A proposta que inspirou este número da revista Interact - e que, sem que disso o soubessem, os autores convidados não deixaram de confirmar - é a de que entre a vida e o jogo a relação é como a que se dá entre a água e o açúcar. Abreviando, a «água» fica cada vez mais «doce». Quer isto dizer que a vida está cada vez mais «lúdica»? Será o videojogo um ampliar da “doce” vida do sujeito-espectador cada vez mais senhor da sua experiência, dominante sobre as outras formas de experiência e dispondo de um mundo (ciberespaço) onde realiza as sua utopias - senhor autónomo do espaço, do tempo, da vida e da morte? Ou será o videojogo um sintoma para lembrar que algo está a ficar esquecido? Que não se fuja de um simplismo para logo cair noutro. Como nos diz Florian Rötzer num breve ensaio publicado na revista online Receiver, «Logo que percebemos que os jogos deixam de ser apenas o xadrez, o futebol, o rummy ou a roleta, passando a ser também actividades como a de tentar controlar sistemas complexos como os de Sim Life ou Sim City, a projecção lógica é que», e passamos a enfatizar, «as vidas dos indivíduos e todas as suas acções são parte de um jogo em que participam».
O jogo dissemina-se na vida, tornando-a porventura mais interessante, como se incarnássemos personagens duma narrativa que começou por ser épica, mas que se torna ética ou mesmo política; a vida dissemina-se no jogo, tornando-o mais complexo e desafiante (ou apenas irritantemente incontrolável). O jogo torna-se inescapável, omnipresente de tão portátil. Sem se ter anunciado, ganha «de facto» o estatuto de medium socializador que «de direito» lhe continua a ser negado.
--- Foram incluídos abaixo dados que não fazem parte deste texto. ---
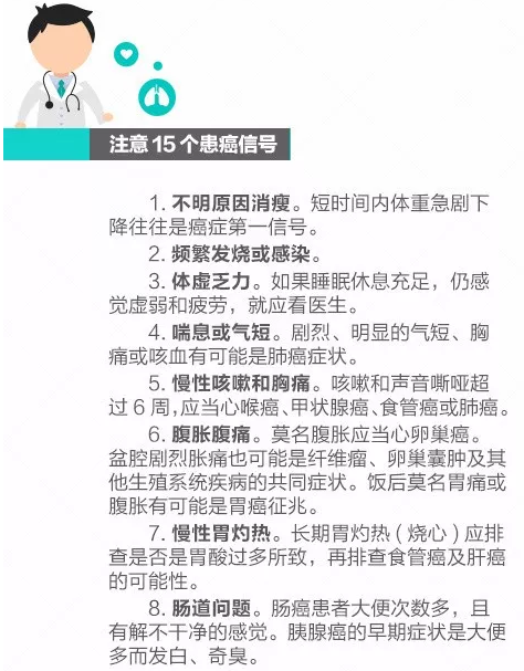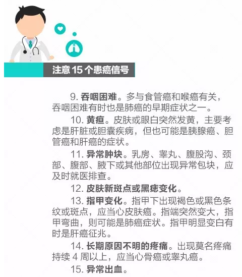 你和癌症之间只隔4步,警惕这15个癌症信号!
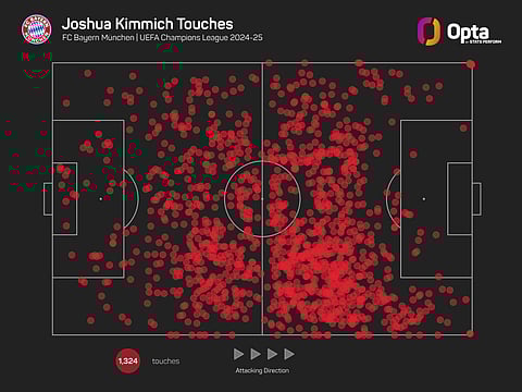 Kimmich has played the most passes (1,103) and had the most touches (1,324) of any player in the Champions League this season.
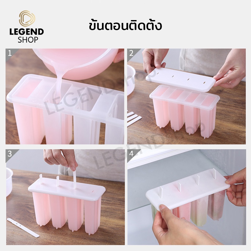 แม่พิมพ์ไอติม 4 แท่ง แม่พิมพ์น้ำแข็ง พิมพ์ไอศครีม DIY วัสดุ พลาสติก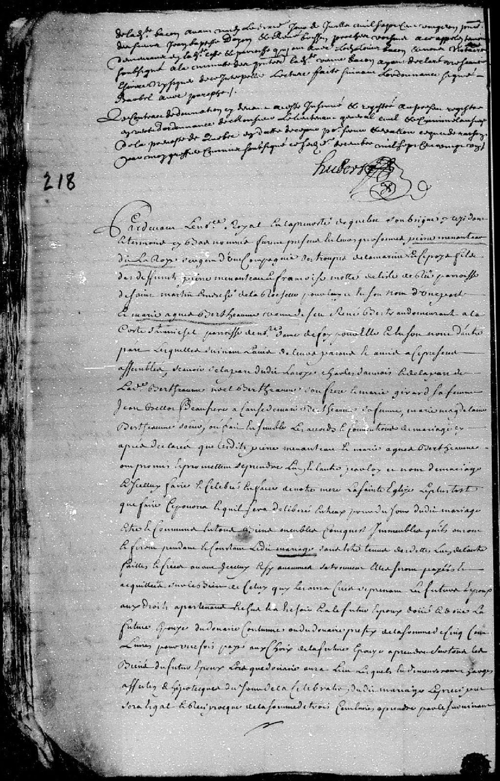 Contrat de mariage passé pardevant maître Dubreuil, notaire royal en la Prévôté de Québec, entre Pierre Menanteau dit Larose, sergent d'une compagnie des troupes de la Marine, fils des défunts Pierre Menanteau et Françoise Moré (Motté), de l'île de Ré, paroisse de Saint-Martin, évêché de La Rochelle; et Marie-Agnès Berthiaume, veuve de défunt René Bertault (Bertrand), demeurant en la côte Saint-Michel, paroisse Notre-Dame-de-Foy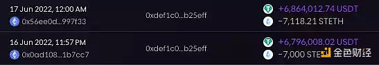 除了上述實體,我們還查看了在 6 月 1 日至 15 日期間有大量 stETH 交易的巨鯨錢包,并將范圍縮小到 7 個關鍵錢包。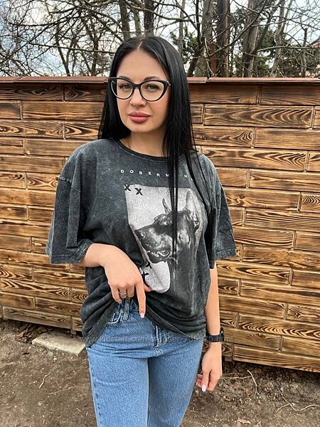 Неймовірно красива та стильна футболка з доберманом. Класна турецька фабрика. Розмір стандарт. Підійде від 42 до 52 розмірів. У 2-х кольорах:рожевому та темно-сірому. Рекомендую. 100% бавовна.Довжина: 73 см.
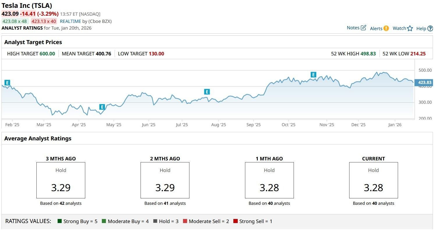 The consensus rating on Tesla stock remains at “Hold” only with the mean target of about $401 indicating potential downside of more than 5% from here.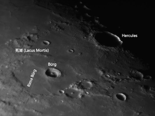 死湖中間有一個比死湖更明顯的小隕石坑Burg,明顯是熔岩上湧後才撞擊在這裡。它的直徑是40km,是一個很典型的複雜坑,有中央山峰。它的西部有一條長100km的月溪,稱為Rima Burg。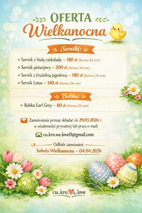 Zapraszam do składania zamówień na świąteczne wypieki. Oferta, zdjęcia wypieków dostępne są na profilu Instagram: ci.kro.we_love lub FB: cu.kro.welove. Odbiór Kraków AzoryMonika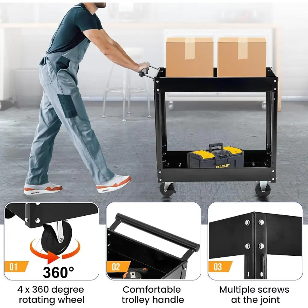 Shopping Cart, 2 Tier Rolling Storage Cart With Removable Crate - Black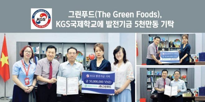 베트남 현지 식자재 전문업체 그린푸드(The Green Foods)가 KGS 국제학교(호치민캠퍼스)에 발전기금 5천만 동(약 250만원)을 기탁했다.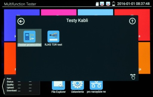 Porty szeregowe: RS-485 Protokoły: Obsługa ponad 30 protokołów RS485 : Pelco-D, Pelco-P, YAAN, YAAN-O, YAAN-1, SAMSUNG, PANASONIC, Lilin-FAST, Lilin-MLP2, MOLYNX, MINKING A01, Fastrax, CBC, LC-NEW, WV-CS850, SONY-EVI, LG-MULTIX, DAT-SD, VICON, Vcltp, DH-YTC 06, Santachi, Bosch OSRD, TeleEye DM2, HD 600, Hikvision, KALATEL ASC, AD 168(M-B), SAMSUNG SPD, Siemens, Cohu, MINKING B01, ALEC Prędkość transmisji: 150, 300, 600, 1200, 2400, 4800, 9600, 19200, 38400, 115200 b/s Test skrętki lub linii telefonicznej: Test połączenia kabli UTP lub telefonicznych, zakończonych wtykiem RJ-45 Test linii RS-485, RS-232: Testowanie danych z urządzenia sterującego (komendy są wyświetlane hexadecymalnie) Moduł Wi-Fi: 2.4 GHz Identyfikacja przewodu w wiązce: Test audio: Multimetr cyfrowy: Pomiar mocy optycznej: VLS (VFL) - wizualny lokalizator uszkodzeń włókien światłowodowych: Reflektometr TDR: Wykrywanie i lokalizacja miejsca przerwania kabla (tylko UTP) Praca jako źródło zasilania: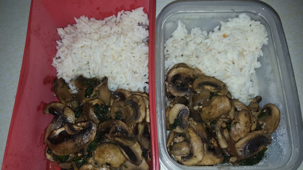 In the evening I cooked spinach and mushrooms, very simple, and some rice.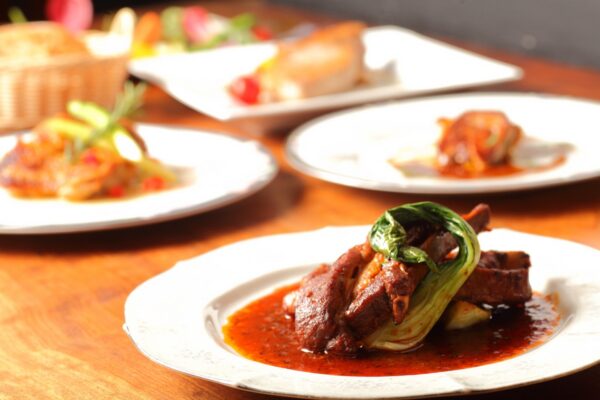 「ローストポークのオニオンソース」や「鶏肉と青ネギのオイルソースパスタ」など、素材の持ち味を活かした料理が並びます。デザートも手作りで、最後まで上品な味わいを堪能できます。

Como se tratasse de um «museu imaginário» (mas com a aliciante da interactividade), permite explorar dimensões que a «vida quotidiana» quis esquecer. Habitua-nos a novas formas de perceber o espaço, predando ao mesmo tempo que transforma «visões do mundo» tão duráveis como a perspectiva e os modelos cartesianos, o que permite renovar linguagens visuais a que já estávamos demasiado habituados como é o caso do cinema, ou, de modo por enquanto mais subtil, a da arquitectura. É aliás um dos responsáveis por novas formas de arte em que o artista se reinventa enquanto programador e/ou o espectador renasce enquanto «interactor».
Procurando acompanhar o passo da indústria, nalguns círculos académicos pretende-se inclusive que o (video)jogo seja o objecto de uma nova disciplina, a ludologia. Com um pouco menos de imodéstia, acreditamos que é pelo menos merecedor de jogo - o jogo da interpretação - este número da Interact.